Wednesday, April 26, 2017

Tub notes. Sam Elliott is not in this post but will be someday

So I sit here in my tub having one of the last baths  I'll have in this house my family shared for almost 20 years, and while this tub has been almost a sacred place of renewal, place to cry when I didn't want anyone else to see, place to soothe my sore muscles and bruised emotions when nothing or no one else could-I I find it kind of bittersweet now. My new place won't have a tub at least for a long time, And the prospect of life without a deep soaker tub is frankly a little disheartening. And now  this tub that is felt like home for me and for so many years is kind of feeling less and less that way. Kind a like the shell that is this house now that the people in the things I love are pretty much out of it. My life looks so different now. it is so different than I ever imagined it being. I never thought I would leave this house unless I moved to Idaho where my second heart is. Turns out it's just a shell. It's just a wall and ceiling that sometimes leaks. Its been lived in, loved in, devastated in, just kind of laid there in, picking yourself up, dusting yourself off, going on with life in . And I will so miss this house and this tub-but I'm so glad to be leaving this house and this tub. My life now is my family with my two girls ,a crazy cat ,my wonderful family and friends ,and what or whoever life happens to throw at me. And I can't wait for what's ahead.
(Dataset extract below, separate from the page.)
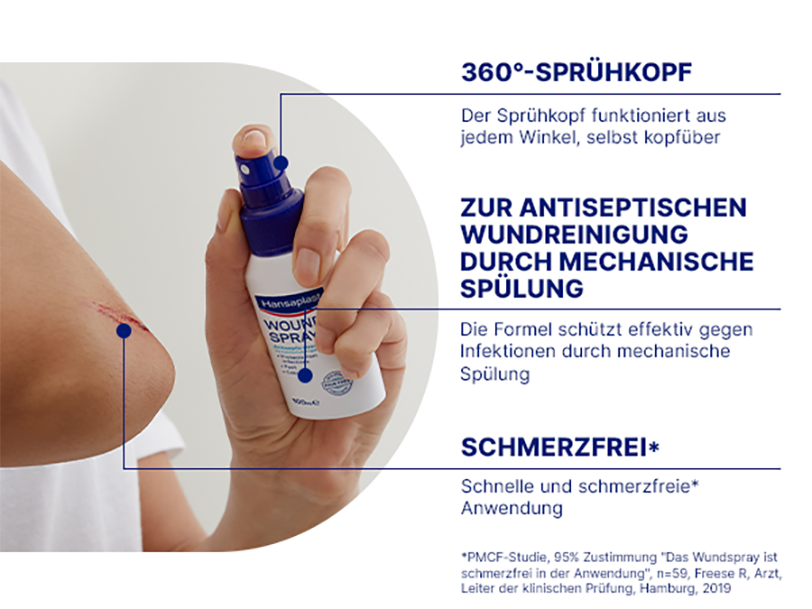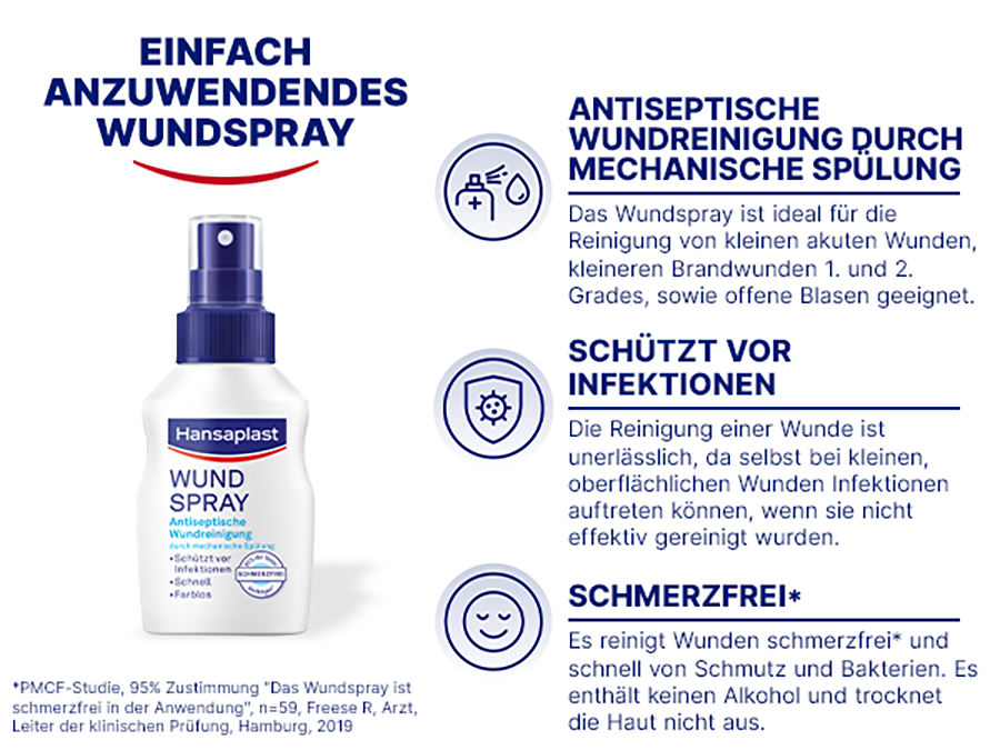 Mit dem Hansaplast Wundspray erhalten akute Wunden, wie zum Beispiel Schürfwunden und Schnittwunden, kleinere Brandwunden 1. und 2. Grades sowie offene Blasen, eine optimale Wundbehandlung. Zur antiseptischen Wundreinigung durch mechanische Spülung. Die Reinigung mit dem Wundspray ist dabei schmerzfrei*.

I'll probably cry the last time I have that bath which is coming very soon. I miss the family that was in this house, But the family that's risen from the ashes is strong, beautiful and I'm so proud of it! I thought I would have the hardest time leaving and it has not been without it several bunches of tears and it's not been without it stresses-no house sale goes without hiccups and wanting to pull your hair out. But I am really ready to shut the door on the part of the life that was in this house and move on to the new part. I really like who the woman is who used to live in this house. She is fine, fun, funny, emotional, caring,vulnerable, witty, has cellulite, loves her daughters fiercely, and loves herself ---FINALLY!!